Aptalis, NES, HealthPort break; El Pollo tweaks deal; Progressive Solutions discloses talk

By Sara Rosenberg

New York, Oct. 2 - Aptalis Pharma Inc.'s term loan hit the secondary market on Wednesday with levels seen above its original issue discount price, and NES Global Talent Finance US LLC and HealthPort (CT Technologies Intermediate Holdings Inc.) broke for trading, too.

Moving to the primary, El Pollo Loco upsized its first-lien term loan while downsizing its second-lien term loan and tightened spreads and discounts on both tranches, Progressive Solutions (P2 Lower Acquisition LLC) released talk with launch and Huntsman Corp.
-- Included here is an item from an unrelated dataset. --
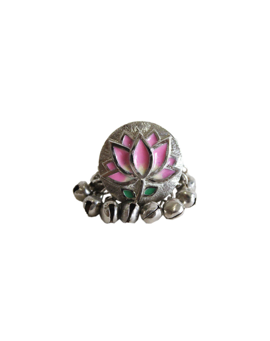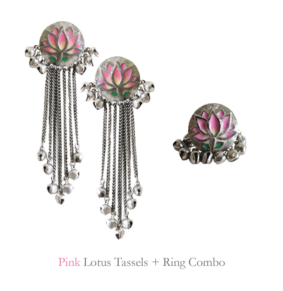 Pink Lotus Tassels and ring combo : Handcrafted silver tassel earrings inspired from “Pichwai” motifs with hand-painted enamel and pink lotus ring buy as a combo and get at discounted price.

LLC revealed timing and details on its acquisition financing.

Aptalis tops OID

Aptalis' $1.25 billion seven-year term loan B freed up for trading on Wednesday, with levels quoted at 99¾ bid, par ¼ offered, according to a trader.

Pricing on the B loan is Libor plus 500 basis points with a 1% Libor floor and it was sold at an original issue discount of 99. There is 101 soft call protection for one year, and a 50 bps step-down in the spread that is subject to an IPO plus leverage being reduced to 3.25-times.

During syndication, the loan was downsized from $1.4 billion, pricing was increased from talk of Libor plus 425 bps to 450 bps and the soft call protection was extended from six months.

Bank of America Merrill Lynch, Barclays, RBC Capital Markets LLC and Goldman Sachs Bank USA are leading the deal that will be used to refinance existing debt and fund a dividend, the size of which was reduced when the term loan was downsized.

Aptalis, formerly known as Axcan Holdings Inc., is a Bridgewater, N.J.-based specialty pharmaceutical company.

NES starts trading

NES Global Talent's credit facility also broke, with the $185 million six-year first-lien term loan quoted at 98½ bid, 99½ offered, according to a market source.

Pricing on the term loan is Libor plus 550 basis points with a 1% Libor floor and it was sold at an original issue discount of 98. There is 101 soft call protection for one year.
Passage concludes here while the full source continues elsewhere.